Wellness is more of a whole gestalt or lifestyle, which includes things
like yoga, massage and working out. It quickly became clear that in the
eyes of General Mills, organic is not a revolution so much as a market
niche, like menopausal women or "ethnics," and that health is really a
matter of consumer perception. You did not have to buy into the organic
"belief system" to sell it. When I asked Strickland if he believed that
organic food was in any way better, he said: "Better? It depends. Food
is subjective. Perceptions depend on circumstances."

I got much the same response from other General Mills executives. The
words "better food," uttered so unself-consciously in Sedro-Woolley,
rang in their offices like a phrase from a dead language. Steve Sanger,
the company's chairman, said: "I'm certain it's better for some people.
It depends on their particular beliefs." Sheri Schellhaas, vice
president for research and development, said, "The question is, Do
consumers believe organic is healthier?" Marc Belton, a senior vice
president for cereals and the executive most responsible for the Small
Planet acquisition, put it this way: "Is it better food? . . . You know,
so much of life is what you make of it. If it's right for you, it's
better -- if you feel it's better, it is."

At General Mills, it would seem, the whole notion of objective truth has
been replaced by a kind of value-neutral consumer constructivism, in
which each sovereign shopper constructs his own reality: "Taste You Can
Believe In." Kahn understands that there is no percentage in signing
onto the organic belief system, not when you also have Trix and Go-Gurt
and Cinnamon Toast Milk and Cereal Bars to sell, yet, as he acknowledged
later, contemporary corporate relativism drives him a little nuts.

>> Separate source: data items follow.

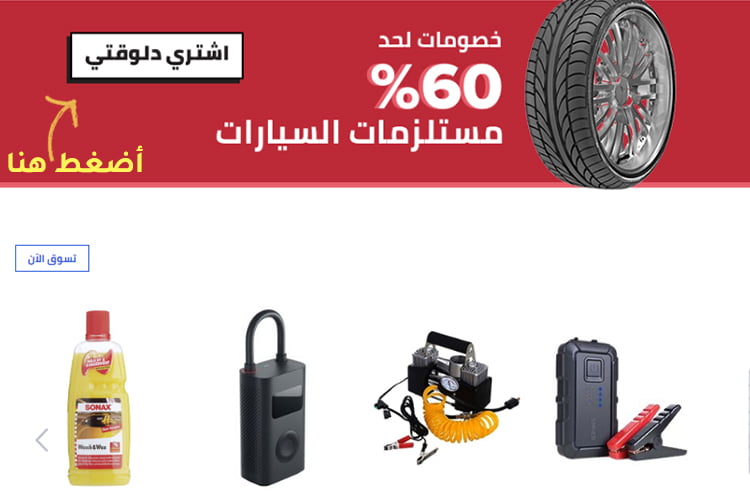 عروض هائلة من نون على مستلزمات السيارات والخصومات تصل إلى 60% في بعض الأحيان وتشمل، زيوت السيارات وأجهزة قياس الهواء الخاص بإطارات السيارات وأجهزة تزويد الهواء المحمولة لإطارات السيارات، وأسلاك توصيل التيارالكهربائي بين بطاريتين وغيرها من مستلزمات السيارات المختلفة.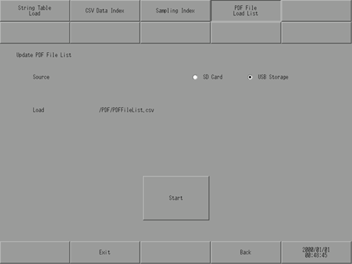 The PDF file list must be saved in the "PDF" folder directly under the external storage with the fixed name "PDFFileList.csv".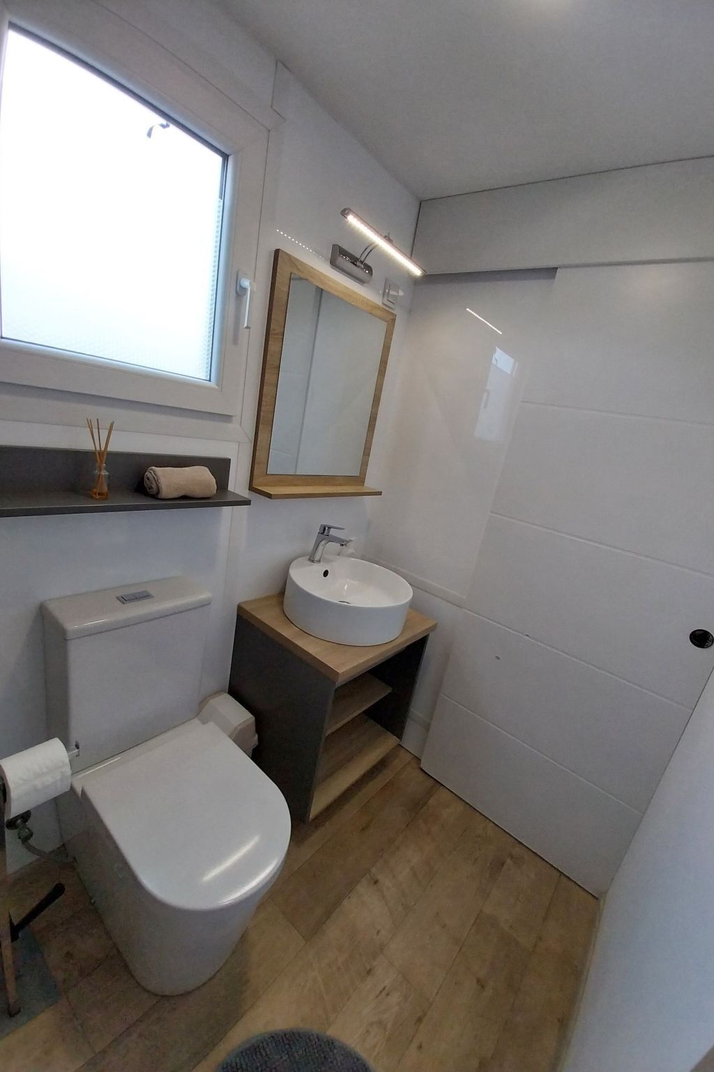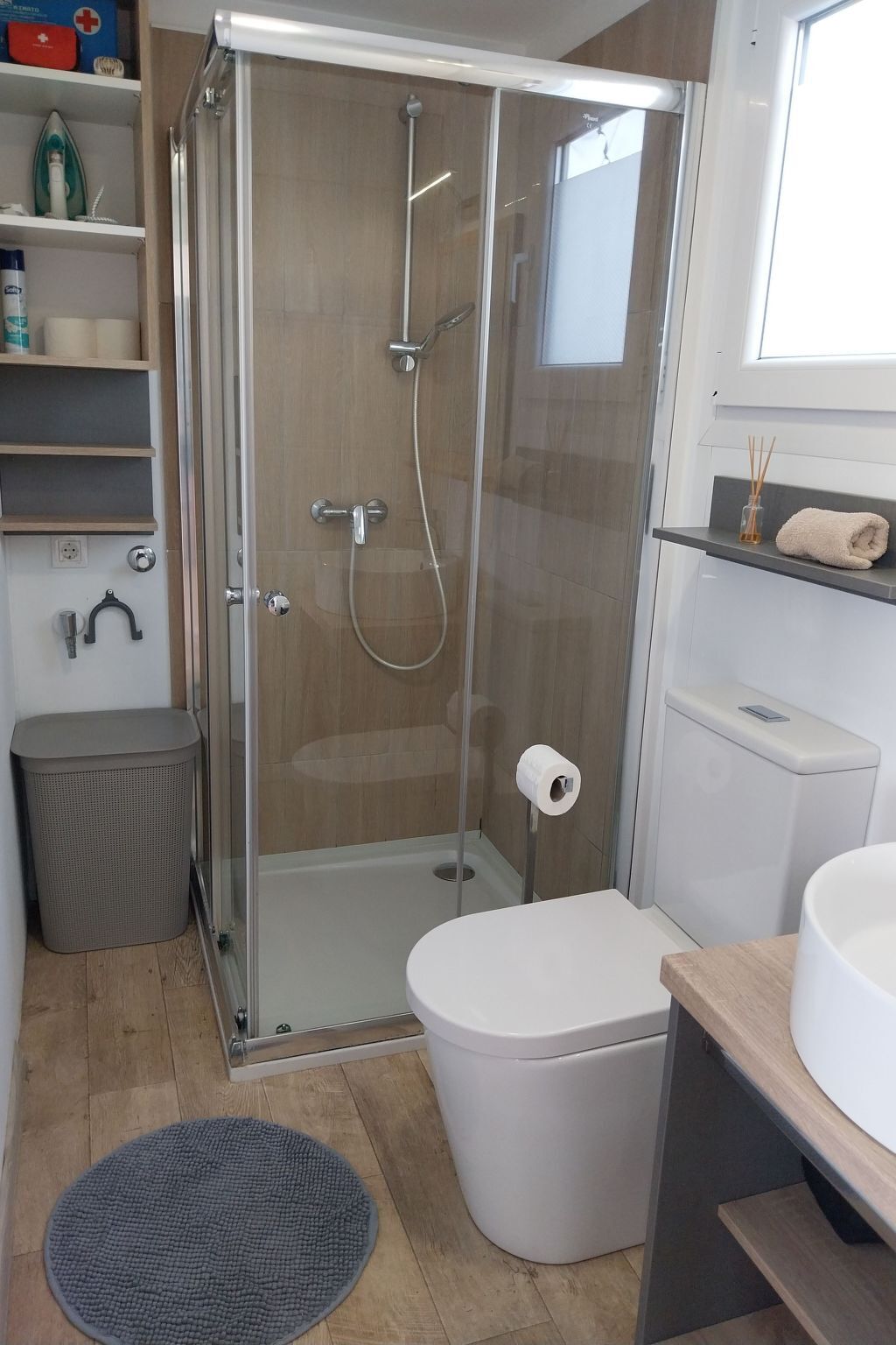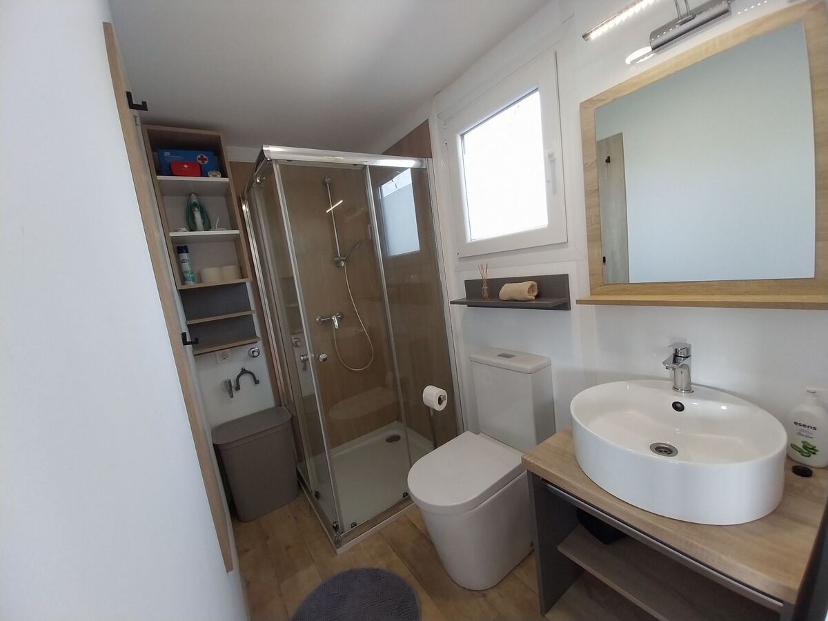 For those who want to swim or explore sea activities, the beaches with beach bars, surf club, restaurants and pet beach are only 700 meters from the house.Beach House Beta – where love finds the rhythm of nature.This charming 32 m² mobile home is situated in a perfect location – right by the sea, in a quiet corner surrounded by a lush olive grove and untouched nature.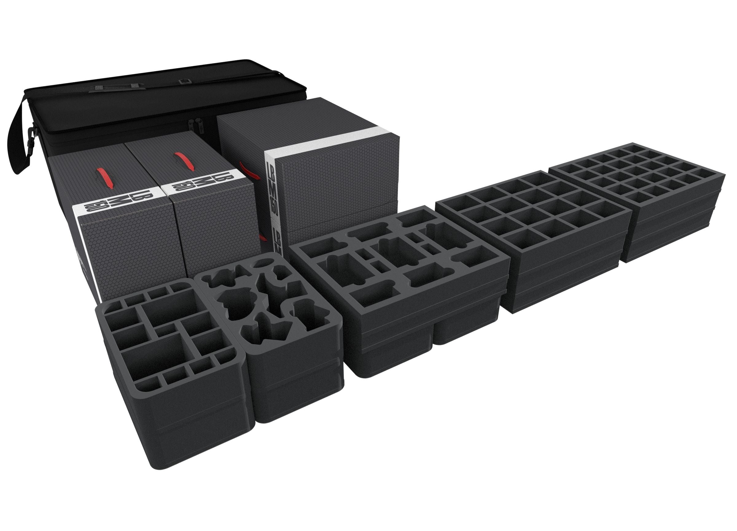 - 2 Full-Size foam tray each with 25 compartments for miniatures (FSLQ050BO)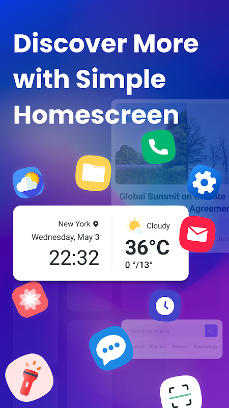 สิ่งที่ทำให้ Simple Homescreen แตกต่างคือการที่เราเน้นความสะดวกสบายและการควบคุมของคุณ UI ที่เรียบง่ายและผ่อนคลายของเราสร้างขึ้นด้วยการออกแบบที่เน้นการเข้าถึงเป็นอันดับแรก โดยใช้แบบอักษรและปุ่มขนาดใหญ่ ตัวเรียกใช้งานจะปรับให้เข้ากับคุณ โดยนำเสนอสิ่งจำเป็นในตัว เช่น สภาพอากาศและการโทรฉุกเฉิน สร้างประสบการณ์ที่น่าเชื่อถือและง่ายดาย

Old-fashioned objective truth did make a brief reappearance when Kahn
and I visited the quality-assurance lab deep in the bowels of the Bell
center. This is where technicians grind up Trix and Cheerios and run
them through a mass spectrometer to make sure pesticide residues don't
exceed F.D.A. "tolerances." Pesticide residues are omnipresent in the
American food supply: the F.D.A. finds them in 30 to 40 percent of the
food it samples. Many of them are known carcinogens, neurotoxins and
endocrine disrupters -- dangerous at some level of exposure. The
government has established acceptable levels for these residues in
crops, though whether that means they're safe to consume is debatable:
in setting these tolerances the government has historically weighed the
risk to our health against the benefit -- to agriculture, that is. The
tolerances also haven't taken into account that children's narrow diets
make them especially susceptible or that the complex mixtures of
chemicals to which we're exposed heighten the dangers.

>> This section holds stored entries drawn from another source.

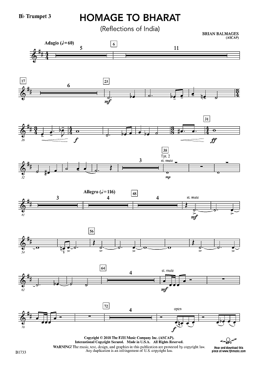 "Homage to Bharat - Bb Trumpet 3" Sheet Music by Brian Balmages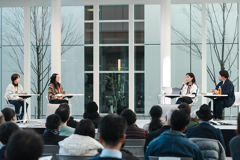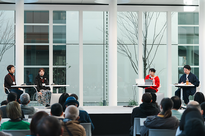アーティストによる活動報告では、各拠点の運営者と年間を通じて活動をみてきた審査員の方々も各1名ずつ登壇しました。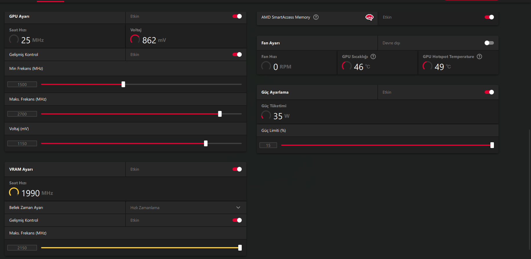Yok yok voltaj değil hocam minimum frekansı sormuştum.Voltaj düşürünce ısının düşmesiyle beraber FPS artıyor. 1150 denedim, stabil. Öyle de bıraktım.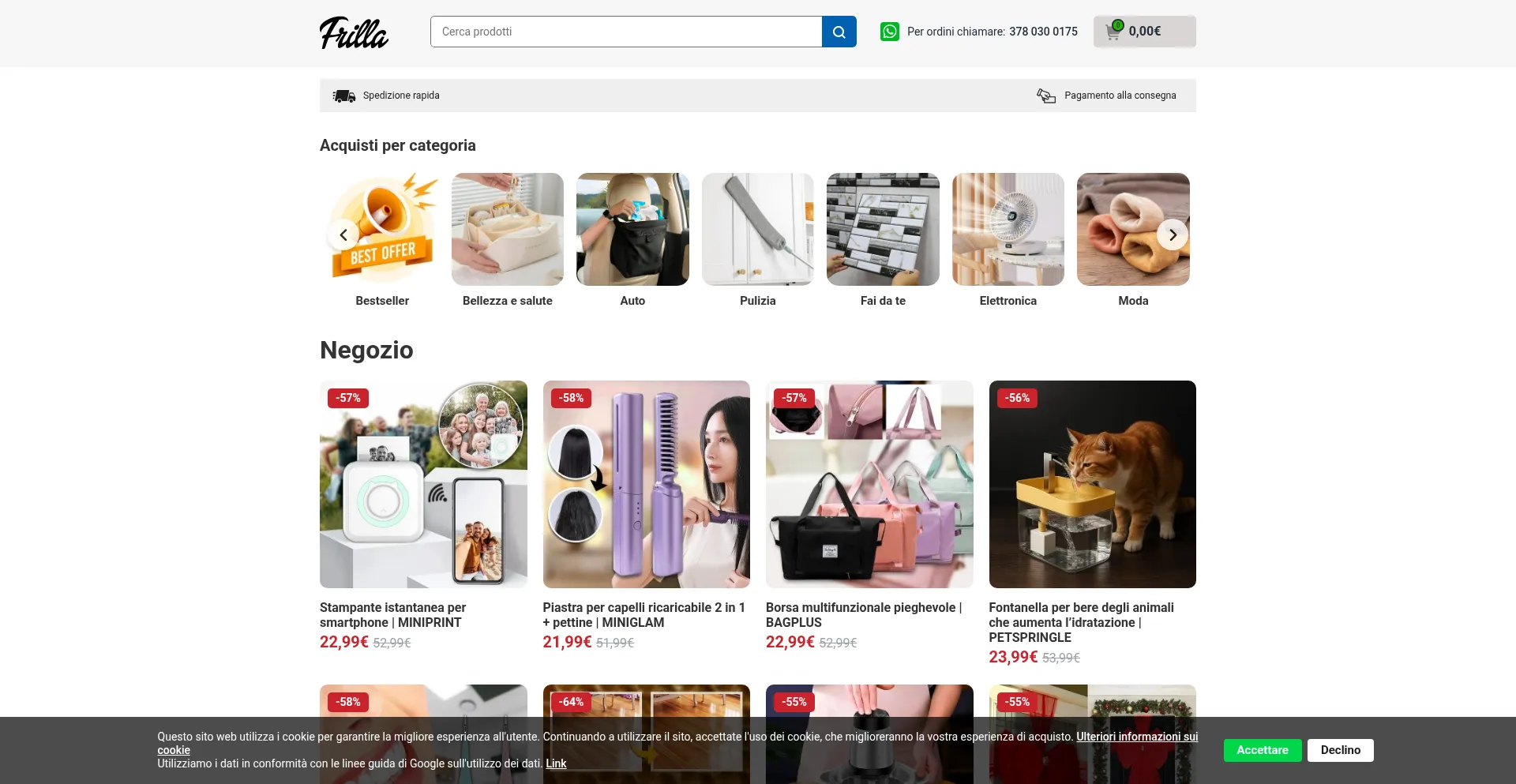 Analysis indicates that frilla.it operates as an e-commerce platform facilitating online transactions for goods or services. The website implements shopping cart functionality, payment processing systems, and product catalog features typical of commercial retail operations.

Harry Leichtweis, a senior research analytical chemist at General Mills,
tests for hundreds of different chemical compounds, not only the 400
pesticides currently approved by the E.P.A. but also the dozens of
others that have been banned over the years as their dangers became
known. Decades later, many of these toxins remain in the soil and
continue to show up in our food. "We still find background levels of DDT
and chlordane," he explained. Now the lab tests Small Planet Foods's
products too. So I asked Leichtweis, who is a pale, rail-thin scientist
with Coke-bottle specs and no discernible affect, if organic foods, as
seen from the perspective of a mass spectrometer, are any different.

"Well, they don't contain pesticide."

Leichtweis had struck a blow for old-fashioned empiricism. Whatever else
you might say about an organic TV dinner, it almost certainly contains
less pesticide than a conventional one. Gene Kahn was beaming.